### WORK ORDER
Whatever appears in the records should be given again exactly, down to the last mark.

### RECORDS SHOWN
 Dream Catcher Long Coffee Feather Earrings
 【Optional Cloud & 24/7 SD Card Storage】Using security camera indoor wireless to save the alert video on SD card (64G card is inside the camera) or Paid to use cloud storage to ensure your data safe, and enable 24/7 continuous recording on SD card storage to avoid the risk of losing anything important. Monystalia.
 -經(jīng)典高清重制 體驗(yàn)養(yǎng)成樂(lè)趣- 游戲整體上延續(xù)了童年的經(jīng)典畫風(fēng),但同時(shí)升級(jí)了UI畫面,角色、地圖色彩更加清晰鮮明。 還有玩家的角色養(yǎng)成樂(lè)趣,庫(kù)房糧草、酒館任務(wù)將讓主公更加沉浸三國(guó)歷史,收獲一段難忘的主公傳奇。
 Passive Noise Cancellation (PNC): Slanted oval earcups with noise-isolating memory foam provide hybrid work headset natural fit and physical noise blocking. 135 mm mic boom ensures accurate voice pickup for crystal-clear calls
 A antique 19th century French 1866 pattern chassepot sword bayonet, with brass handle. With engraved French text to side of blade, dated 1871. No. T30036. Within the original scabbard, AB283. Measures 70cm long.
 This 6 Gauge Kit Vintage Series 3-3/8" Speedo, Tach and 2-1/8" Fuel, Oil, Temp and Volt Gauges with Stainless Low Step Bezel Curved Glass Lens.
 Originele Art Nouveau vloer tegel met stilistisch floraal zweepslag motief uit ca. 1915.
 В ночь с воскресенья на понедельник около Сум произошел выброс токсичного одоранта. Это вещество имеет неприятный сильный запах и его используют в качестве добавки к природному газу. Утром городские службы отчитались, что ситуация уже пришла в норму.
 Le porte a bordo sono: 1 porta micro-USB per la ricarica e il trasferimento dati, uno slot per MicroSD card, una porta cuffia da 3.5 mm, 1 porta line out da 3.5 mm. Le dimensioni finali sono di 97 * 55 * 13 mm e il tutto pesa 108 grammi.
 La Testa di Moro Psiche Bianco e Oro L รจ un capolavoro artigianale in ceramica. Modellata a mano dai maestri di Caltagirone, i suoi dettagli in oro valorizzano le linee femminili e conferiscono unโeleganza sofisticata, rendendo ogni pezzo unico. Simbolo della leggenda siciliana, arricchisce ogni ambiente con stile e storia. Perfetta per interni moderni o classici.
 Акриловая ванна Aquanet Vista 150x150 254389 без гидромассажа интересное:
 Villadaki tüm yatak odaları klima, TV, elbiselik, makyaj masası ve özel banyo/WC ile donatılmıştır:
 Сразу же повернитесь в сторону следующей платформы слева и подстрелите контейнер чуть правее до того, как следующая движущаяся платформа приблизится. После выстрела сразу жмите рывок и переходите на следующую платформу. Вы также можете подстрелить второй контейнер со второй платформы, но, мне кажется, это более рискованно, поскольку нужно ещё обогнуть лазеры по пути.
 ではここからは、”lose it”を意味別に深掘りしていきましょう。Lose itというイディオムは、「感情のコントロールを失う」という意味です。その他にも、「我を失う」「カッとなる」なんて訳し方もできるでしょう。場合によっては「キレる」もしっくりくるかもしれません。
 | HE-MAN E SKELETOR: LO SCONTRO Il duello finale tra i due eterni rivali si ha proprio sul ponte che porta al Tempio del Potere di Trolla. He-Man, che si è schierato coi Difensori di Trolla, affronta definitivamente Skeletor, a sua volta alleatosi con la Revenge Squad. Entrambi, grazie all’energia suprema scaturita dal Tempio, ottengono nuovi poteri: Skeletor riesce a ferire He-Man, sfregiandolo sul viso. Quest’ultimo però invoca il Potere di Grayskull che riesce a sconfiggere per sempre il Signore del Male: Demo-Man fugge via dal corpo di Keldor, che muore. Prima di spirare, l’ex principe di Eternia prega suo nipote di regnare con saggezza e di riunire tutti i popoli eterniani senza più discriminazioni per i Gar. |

### RESPONSE TO THE TASK
 Dream Catcher Long Coffee Feather Earrings
 【Optional Cloud & 24/7 SD Card Storage】Using security camera indoor wireless to save the alert video on SD card (64G card is inside the camera) or Paid to use cloud storage to ensure your data safe, and enable 24/7 continuous recording on SD card storage to avoid the risk of losing anything important. Monystalia.
 -經(jīng)典高清重制 體驗(yàn)養(yǎng)成樂(lè)趣- 游戲整體上延續(xù)了童年的經(jīng)典畫風(fēng),但同時(shí)升級(jí)了UI畫面,角色、地圖色彩更加清晰鮮明。 還有玩家的角色養(yǎng)成樂(lè)趣,庫(kù)房糧草、酒館任務(wù)將讓主公更加沉浸三國(guó)歷史,收獲一段難忘的主公傳奇。
 Passive Noise Cancellation (PNC): Slanted oval earcups with noise-isolating memory foam provide hybrid work headset natural fit and physical noise blocking. 135 mm mic boom ensures accurate voice pickup for crystal-clear calls
 A antique 19th century French 1866 pattern chassepot sword bayonet, with brass handle. With engraved French text to side of blade, dated 1871. No. T30036. Within the original scabbard, AB283. Measures 70cm long.
 This 6 Gauge Kit Vintage Series 3-3/8" Speedo, Tach and 2-1/8" Fuel, Oil, Temp and Volt Gauges with Stainless Low Step Bezel Curved Glass Lens.
 Originele Art Nouveau vloer tegel met stilistisch floraal zweepslag motief uit ca. 1915.
 В ночь с воскресенья на понедельник около Сум произошел выброс токсичного одоранта. Это вещество имеет неприятный сильный запах и его используют в качестве добавки к природному газу. Утром городские службы отчитались, что ситуация уже пришла в норму.
 Le porte a bordo sono: 1 porta micro-USB per la ricarica e il trasferimento dati, uno slot per MicroSD card, una porta cuffia da 3.5 mm, 1 porta line out da 3.5 mm. Le dimensioni finali sono di 97 * 55 * 13 mm e il tutto pesa 108 grammi.
 La Testa di Moro Psiche Bianco e Oro L รจ un capolavoro artigianale in ceramica. Modellata a mano dai maestri di Caltagirone, i suoi dettagli in oro valorizzano le linee femminili e conferiscono unโeleganza sofisticata, rendendo ogni pezzo unico. Simbolo della leggenda siciliana, arricchisce ogni ambiente con stile e storia. Perfetta per interni moderni o classici.
 Акриловая ванна Aquanet Vista 150x150 254389 без гидромассажа интересное:
 Villadaki tüm yatak odaları klima, TV, elbiselik, makyaj masası ve özel banyo/WC ile donatılmıştır:
 Сразу же повернитесь в сторону следующей платформы слева и подстрелите контейнер чуть правее до того, как следующая движущаяся платформа приблизится. После выстрела сразу жмите рывок и переходите на следующую платформу. Вы также можете подстрелить второй контейнер со второй платформы, но, мне кажется, это более рискованно, поскольку нужно ещё обогнуть лазеры по пути.
 ではここからは、”lose it”を意味別に深掘りしていきましょう。Lose itというイディオムは、「感情のコントロールを失う」という意味です。その他にも、「我を失う」「カッとなる」なんて訳し方もできるでしょう。場合によっては「キレる」もしっくりくるかもしれません。
 | HE-MAN E SKELETOR: LO SCONTRO Il duello finale tra i due eterni rivali si ha proprio sul ponte che porta al Tempio del Potere di Trolla. He-Man, che si è schierato coi Difensori di Trolla, affronta definitivamente Skeletor, a sua volta alleatosi con la Revenge Squad. Entrambi, grazie all’energia suprema scaturita dal Tempio, ottengono nuovi poteri: Skeletor riesce a ferire He-Man, sfregiandolo sul viso. Quest’ultimo però invoca il Potere di Grayskull che riesce a sconfiggere per sempre il Signore del Male: Demo-Man fugge via dal corpo di Keldor, che muore. Prima di spirare, l’ex principe di Eternia prega suo nipote di regnare con saggezza e di riunire tutti i popoli eterniani senza più discriminazioni per i Gar. |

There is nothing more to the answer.